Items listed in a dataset

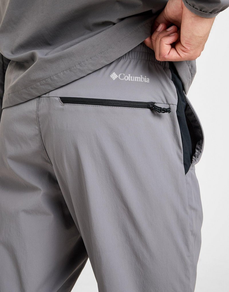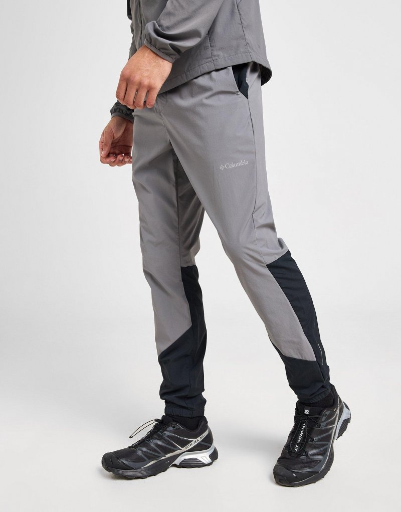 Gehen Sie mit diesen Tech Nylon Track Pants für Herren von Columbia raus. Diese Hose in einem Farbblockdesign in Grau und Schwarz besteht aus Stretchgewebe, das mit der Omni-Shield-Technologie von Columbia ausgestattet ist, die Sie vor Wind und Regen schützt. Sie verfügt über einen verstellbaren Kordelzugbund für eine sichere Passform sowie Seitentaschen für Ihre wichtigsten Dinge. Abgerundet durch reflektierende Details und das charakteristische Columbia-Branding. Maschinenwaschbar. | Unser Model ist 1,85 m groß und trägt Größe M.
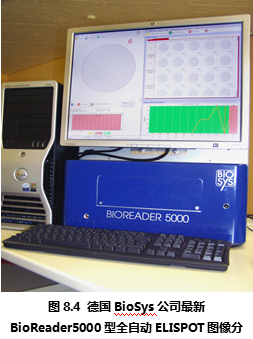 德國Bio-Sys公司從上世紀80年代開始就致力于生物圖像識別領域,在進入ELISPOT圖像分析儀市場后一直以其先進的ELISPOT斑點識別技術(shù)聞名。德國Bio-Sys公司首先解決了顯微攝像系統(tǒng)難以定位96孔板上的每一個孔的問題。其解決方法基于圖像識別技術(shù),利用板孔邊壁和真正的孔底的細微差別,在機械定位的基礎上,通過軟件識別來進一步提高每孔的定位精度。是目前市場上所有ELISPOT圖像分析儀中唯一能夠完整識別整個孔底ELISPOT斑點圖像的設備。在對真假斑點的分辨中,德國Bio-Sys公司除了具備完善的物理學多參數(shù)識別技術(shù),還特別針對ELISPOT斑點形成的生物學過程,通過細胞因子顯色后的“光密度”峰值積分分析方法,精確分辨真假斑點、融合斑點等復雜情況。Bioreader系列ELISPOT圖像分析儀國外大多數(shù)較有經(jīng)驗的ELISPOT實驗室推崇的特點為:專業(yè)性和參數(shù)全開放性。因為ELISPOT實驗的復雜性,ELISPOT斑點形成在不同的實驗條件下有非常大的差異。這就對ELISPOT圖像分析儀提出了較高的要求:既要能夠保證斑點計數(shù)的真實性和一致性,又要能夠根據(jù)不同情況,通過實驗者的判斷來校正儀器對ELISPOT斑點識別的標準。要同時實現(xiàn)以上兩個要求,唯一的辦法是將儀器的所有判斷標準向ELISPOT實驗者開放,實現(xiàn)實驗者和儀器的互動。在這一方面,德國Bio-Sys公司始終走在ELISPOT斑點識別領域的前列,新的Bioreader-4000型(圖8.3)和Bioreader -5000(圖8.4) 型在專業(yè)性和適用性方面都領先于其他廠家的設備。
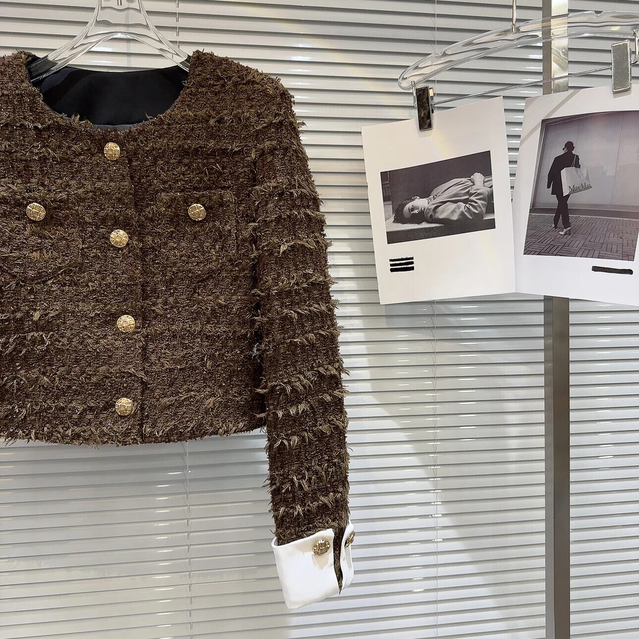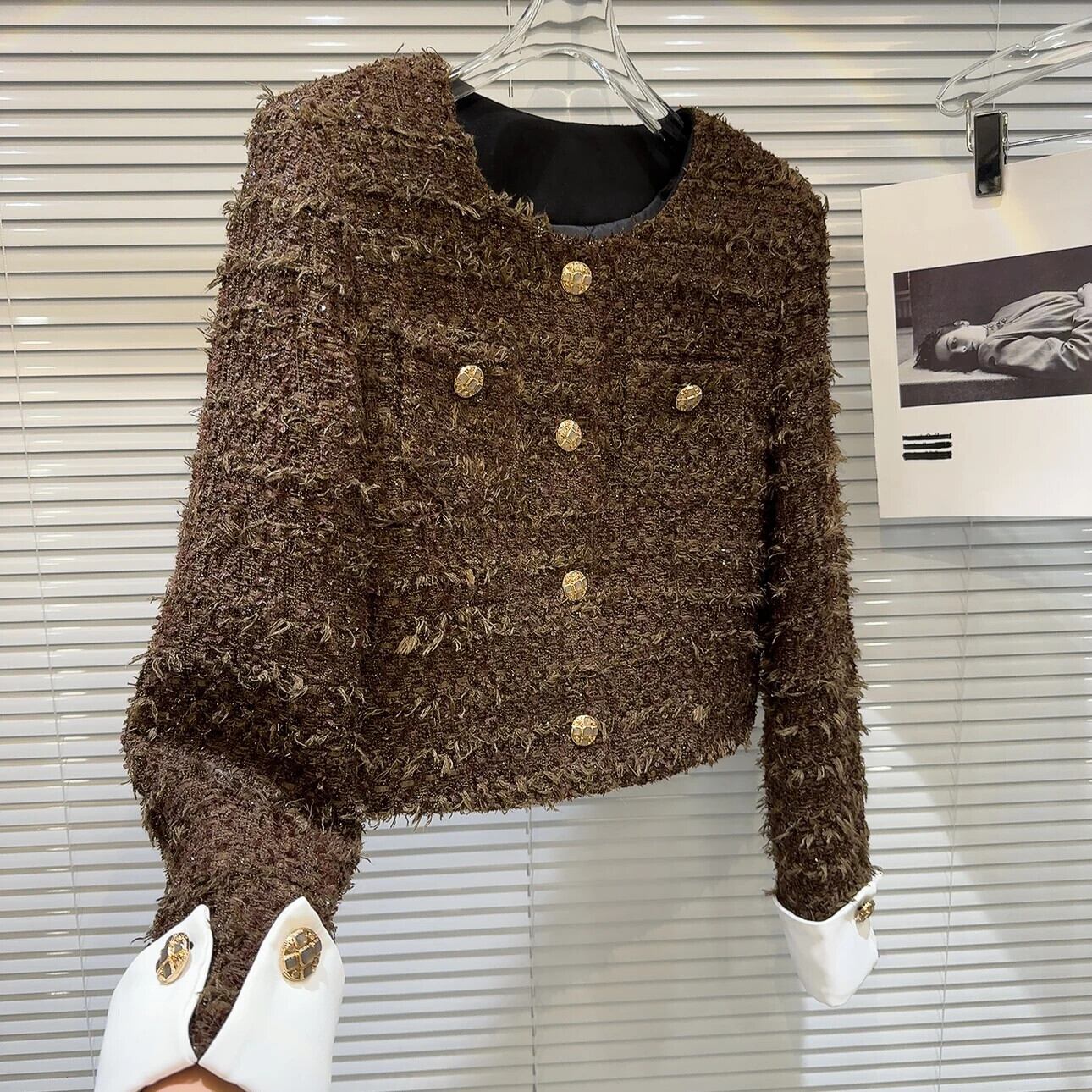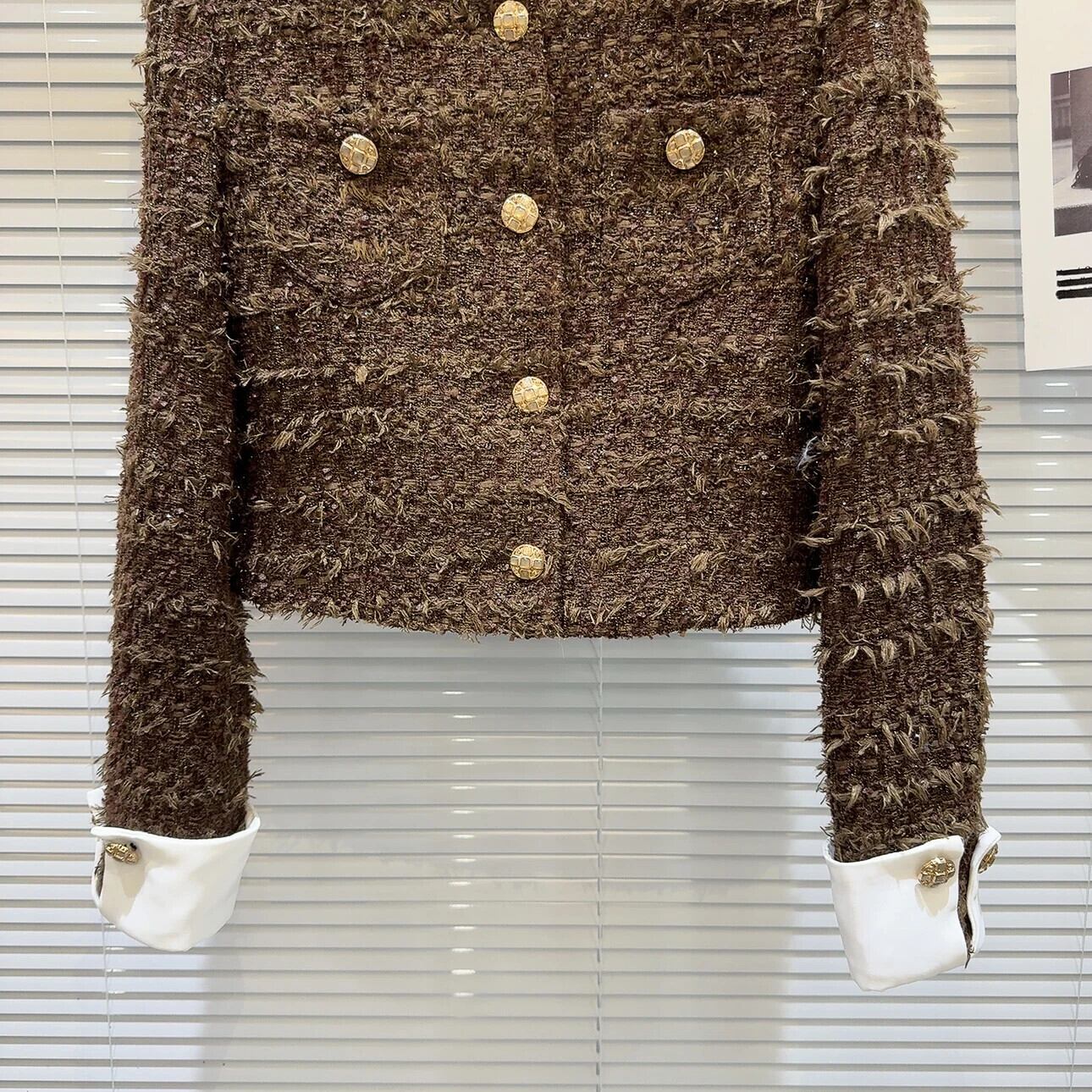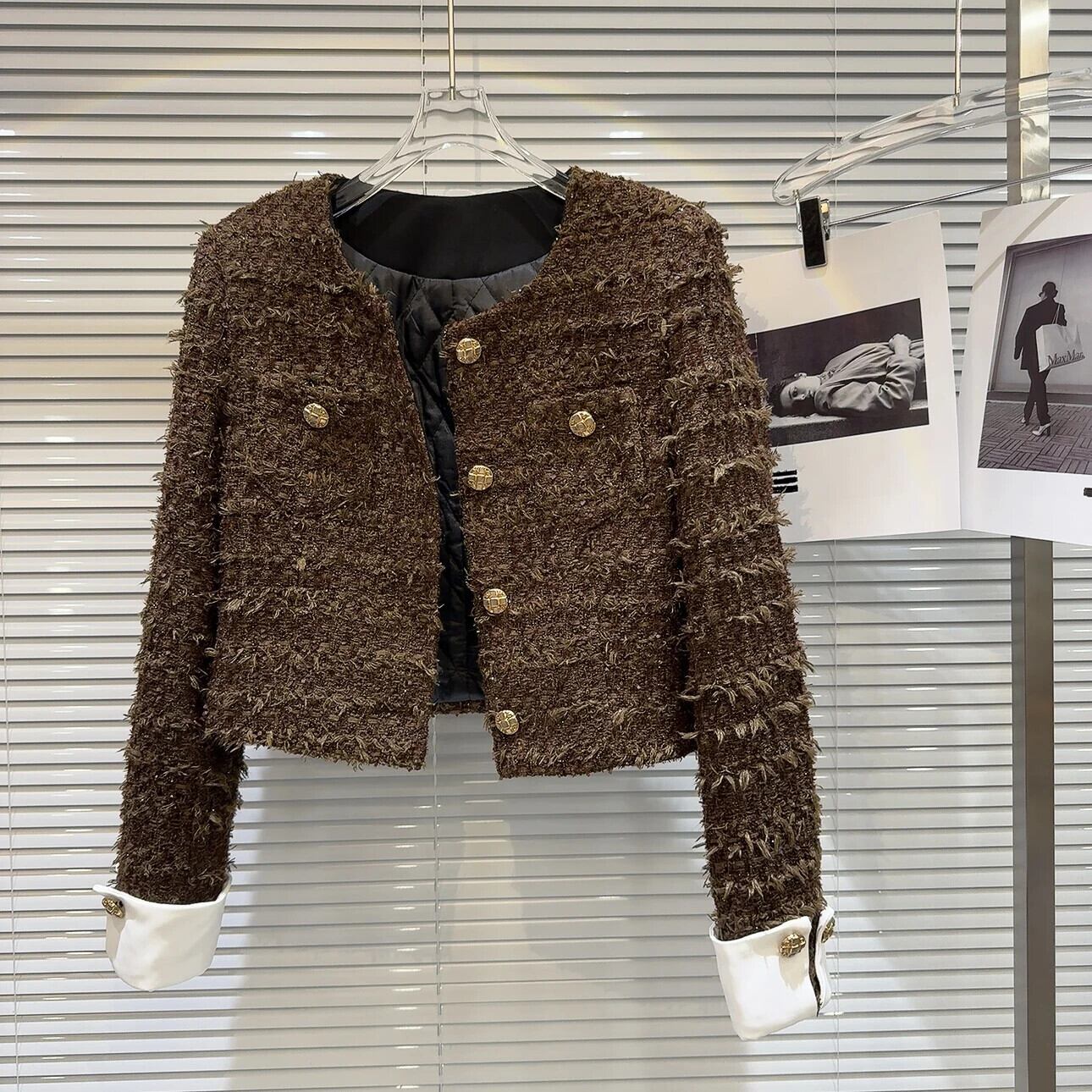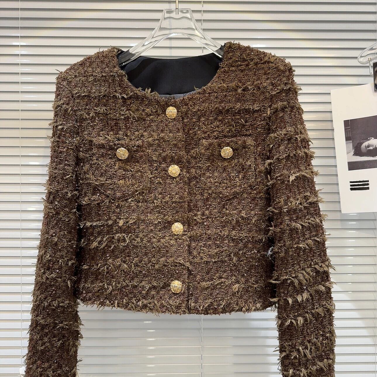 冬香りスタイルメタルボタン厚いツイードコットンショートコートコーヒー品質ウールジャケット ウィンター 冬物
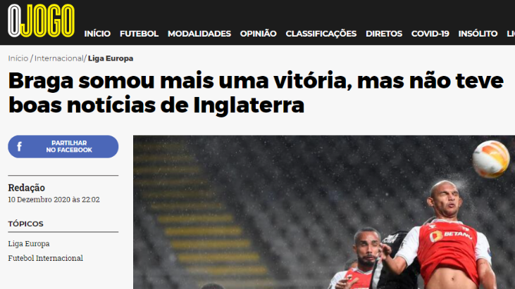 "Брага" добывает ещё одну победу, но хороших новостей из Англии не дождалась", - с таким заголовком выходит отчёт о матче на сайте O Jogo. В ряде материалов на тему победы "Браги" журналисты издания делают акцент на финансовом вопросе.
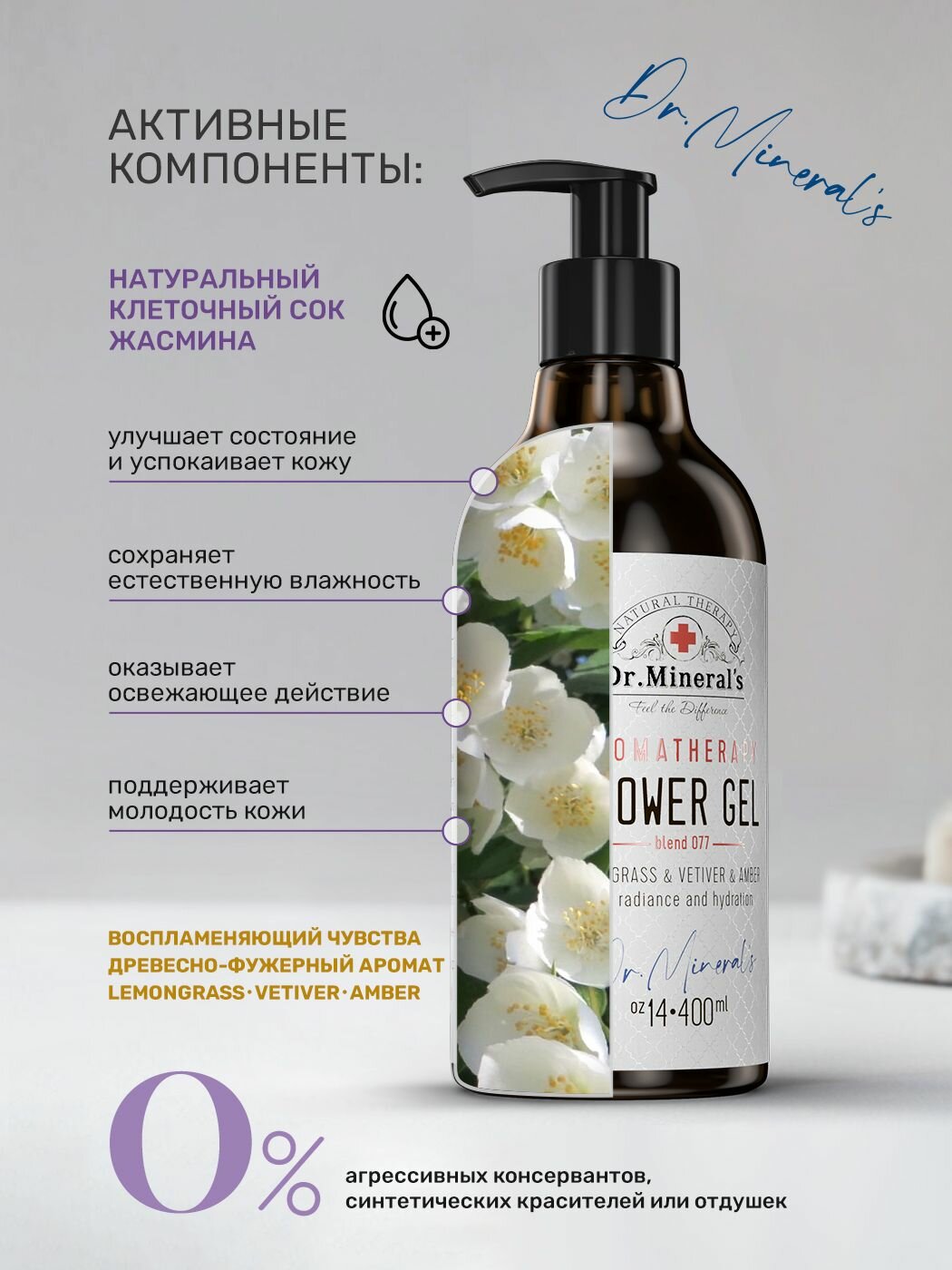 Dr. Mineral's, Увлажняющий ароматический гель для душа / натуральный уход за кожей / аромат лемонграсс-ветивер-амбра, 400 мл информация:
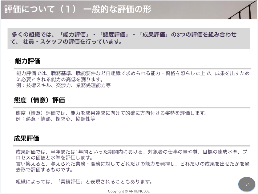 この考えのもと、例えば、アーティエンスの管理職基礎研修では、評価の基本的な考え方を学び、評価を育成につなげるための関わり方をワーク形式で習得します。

= BRIEF =
When you repeat the lines above, keep them exact and leave out each image they contain.

= OUTPUT OF THE EXERCISE =
 Gehen Sie mit diesen Tech Nylon Track Pants für Herren von Columbia raus. Diese Hose in einem Farbblockdesign in Grau und Schwarz besteht aus Stretchgewebe, das mit der Omni-Shield-Technologie von Columbia ausgestattet ist, die Sie vor Wind und Regen schützt. Sie verfügt über einen verstellbaren Kordelzugbund für eine sichere Passform sowie Seitentaschen für Ihre wichtigsten Dinge. Abgerundet durch reflektierende Details und das charakteristische Columbia-Branding. Maschinenwaschbar. | Unser Model ist 1,85 m groß und trägt Größe M.
 德國Bio-Sys公司從上世紀80年代開始就致力于生物圖像識別領域,在進入ELISPOT圖像分析儀市場后一直以其先進的ELISPOT斑點識別技術(shù)聞名。德國Bio-Sys公司首先解決了顯微攝像系統(tǒng)難以定位96孔板上的每一個孔的問題。其解決方法基于圖像識別技術(shù),利用板孔邊壁和真正的孔底的細微差別,在機械定位的基礎上,通過軟件識別來進一步提高每孔的定位精度。是目前市場上所有ELISPOT圖像分析儀中唯一能夠完整識別整個孔底ELISPOT斑點圖像的設備。在對真假斑點的分辨中,德國Bio-Sys公司除了具備完善的物理學多參數(shù)識別技術(shù),還特別針對ELISPOT斑點形成的生物學過程,通過細胞因子顯色后的“光密度”峰值積分分析方法,精確分辨真假斑點、融合斑點等復雜情況。Bioreader系列ELISPOT圖像分析儀國外大多數(shù)較有經(jīng)驗的ELISPOT實驗室推崇的特點為:專業(yè)性和參數(shù)全開放性。因為ELISPOT實驗的復雜性,ELISPOT斑點形成在不同的實驗條件下有非常大的差異。這就對ELISPOT圖像分析儀提出了較高的要求:既要能夠保證斑點計數(shù)的真實性和一致性,又要能夠根據(jù)不同情況,通過實驗者的判斷來校正儀器對ELISPOT斑點識別的標準。要同時實現(xiàn)以上兩個要求,唯一的辦法是將儀器的所有判斷標準向ELISPOT實驗者開放,實現(xiàn)實驗者和儀器的互動。在這一方面,德國Bio-Sys公司始終走在ELISPOT斑點識別領域的前列,新的Bioreader-4000型(圖8.3)和Bioreader -5000(圖8.4) 型在專業(yè)性和適用性方面都領先于其他廠家的設備。
 冬香りスタイルメタルボタン厚いツイードコットンショートコートコーヒー品質ウールジャケット ウィンター 冬物
 "Брага" добывает ещё одну победу, но хороших новостей из Англии не дождалась", - с таким заголовком выходит отчёт о матче на сайте O Jogo. В ряде материалов на тему победы "Браги" журналисты издания делают акцент на финансовом вопросе.
 Dr. Mineral's, Увлажняющий ароматический гель для душа / натуральный уход за кожей / аромат лемонграсс-ветивер-амбра, 400 мл информация:
 この考えのもと、例えば、アーティエンスの管理職基礎研修では、評価の基本的な考え方を学び、評価を育成につなげるための関わり方をワーク形式で習得します。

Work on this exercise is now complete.